A word-for-word copy of the data, pictures excluded, is what this task asks for.

··· Records for this task ···

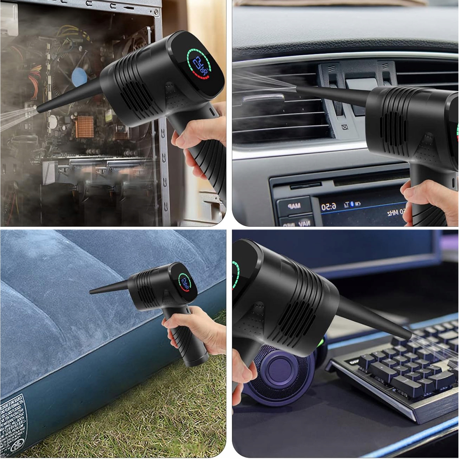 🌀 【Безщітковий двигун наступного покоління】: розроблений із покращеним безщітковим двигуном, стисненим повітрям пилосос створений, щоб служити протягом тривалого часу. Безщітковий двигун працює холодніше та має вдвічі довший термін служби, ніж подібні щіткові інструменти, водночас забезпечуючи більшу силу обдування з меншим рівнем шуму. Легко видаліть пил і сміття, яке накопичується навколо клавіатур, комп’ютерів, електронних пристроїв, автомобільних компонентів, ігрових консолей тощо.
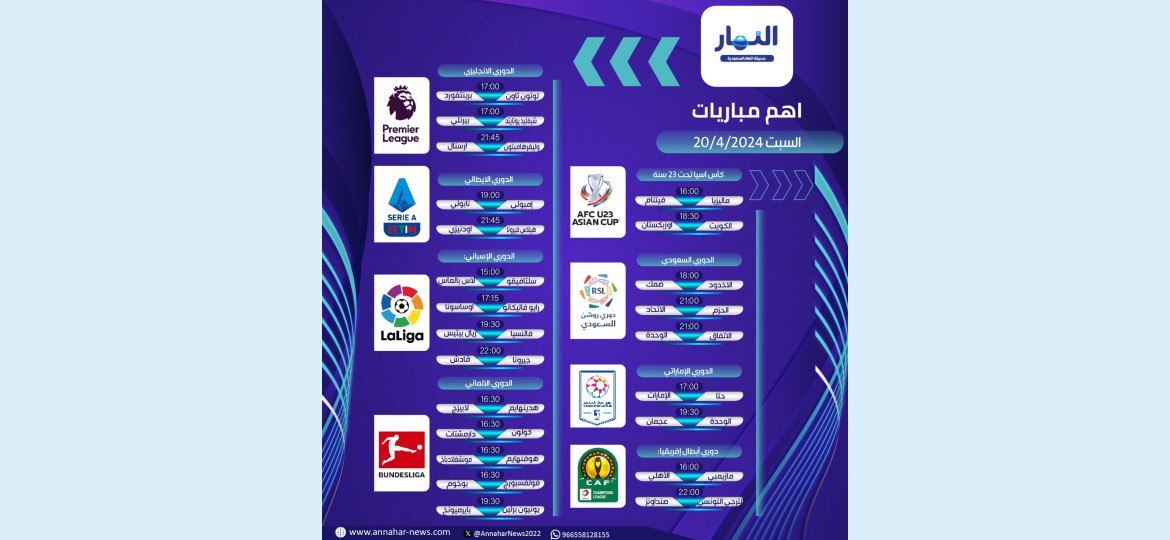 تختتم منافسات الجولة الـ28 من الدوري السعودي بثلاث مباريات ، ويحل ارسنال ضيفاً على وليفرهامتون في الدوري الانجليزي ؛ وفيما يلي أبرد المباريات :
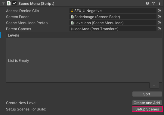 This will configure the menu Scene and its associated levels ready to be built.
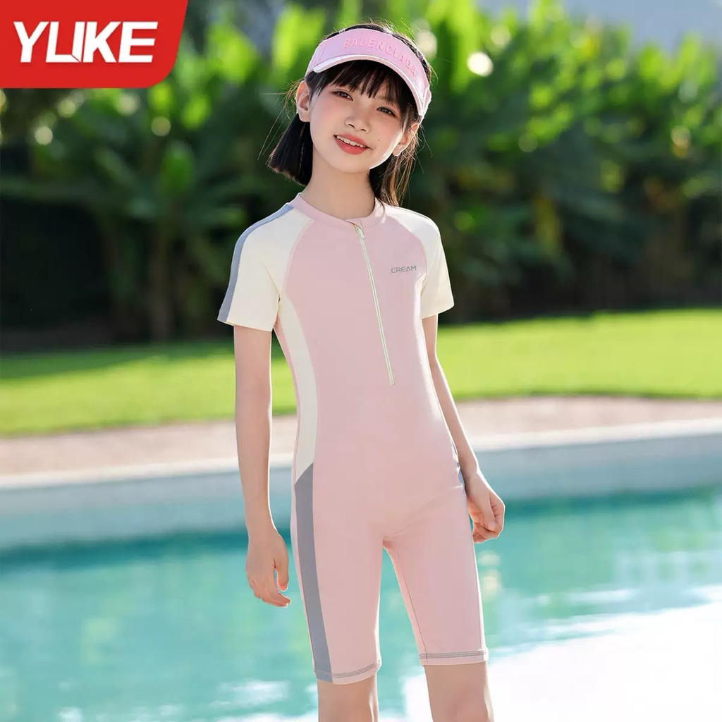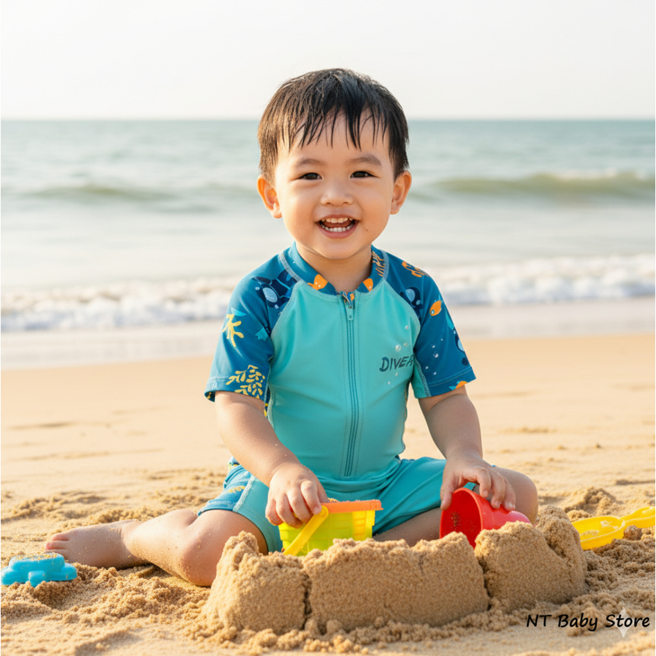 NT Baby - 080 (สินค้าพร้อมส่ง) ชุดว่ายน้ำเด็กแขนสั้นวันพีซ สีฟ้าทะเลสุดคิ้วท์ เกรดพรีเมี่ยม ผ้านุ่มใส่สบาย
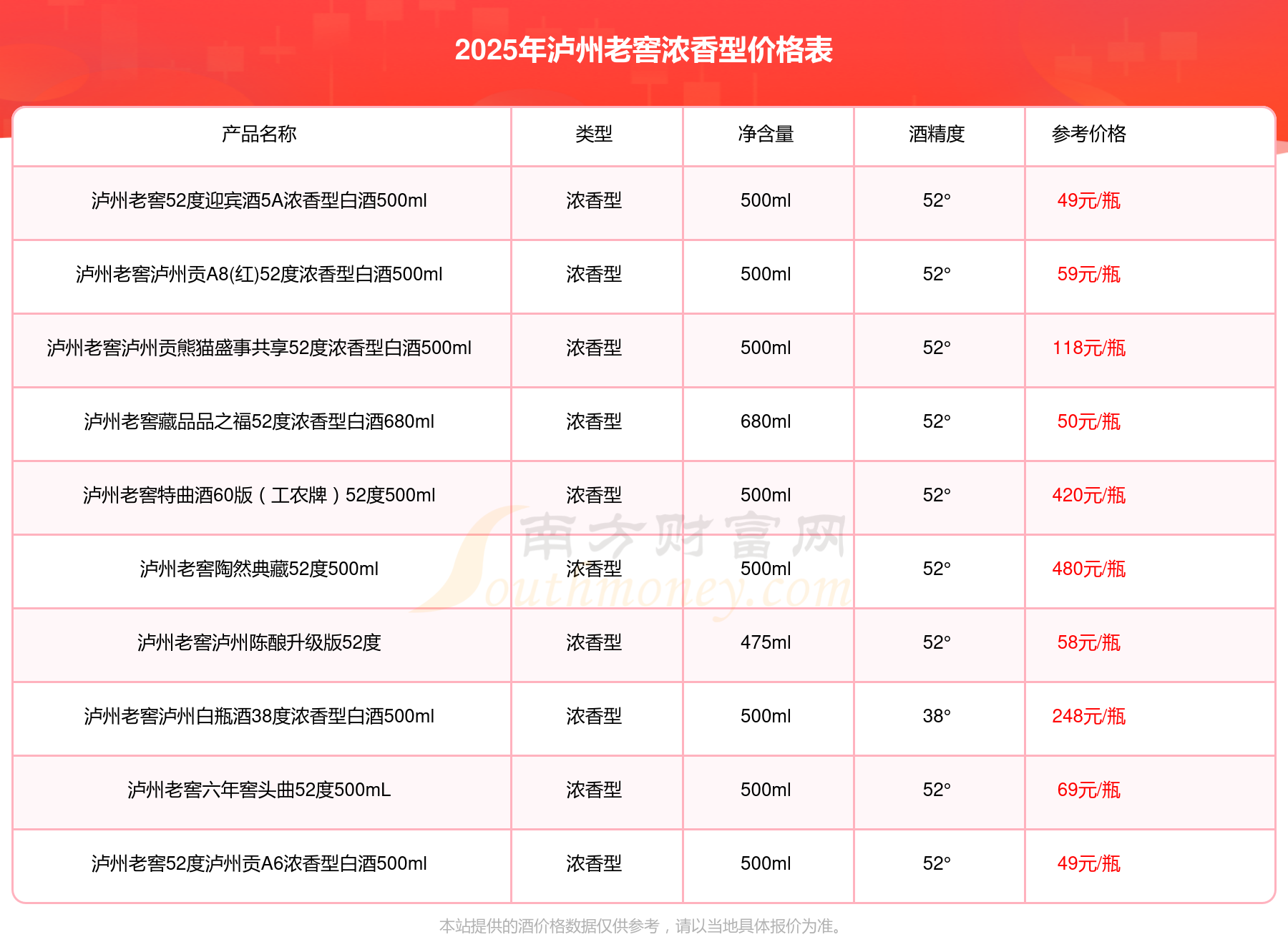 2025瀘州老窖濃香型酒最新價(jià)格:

···

Task result
 🌀 【Безщітковий двигун наступного покоління】: розроблений із покращеним безщітковим двигуном, стисненим повітрям пилосос створений, щоб служити протягом тривалого часу. Безщітковий двигун працює холодніше та має вдвічі довший термін служби, ніж подібні щіткові інструменти, водночас забезпечуючи більшу силу обдування з меншим рівнем шуму. Легко видаліть пил і сміття, яке накопичується навколо клавіатур, комп’ютерів, електронних пристроїв, автомобільних компонентів, ігрових консолей тощо.
 تختتم منافسات الجولة الـ28 من الدوري السعودي بثلاث مباريات ، ويحل ارسنال ضيفاً على وليفرهامتون في الدوري الانجليزي ؛ وفيما يلي أبرد المباريات :
 This will configure the menu Scene and its associated levels ready to be built.
 NT Baby - 080 (สินค้าพร้อมส่ง) ชุดว่ายน้ำเด็กแขนสั้นวันพีซ สีฟ้าทะเลสุดคิ้วท์ เกรดพรีเมี่ยม ผ้านุ่มใส่สบาย
 2025瀘州老窖濃香型酒最新價(jià)格:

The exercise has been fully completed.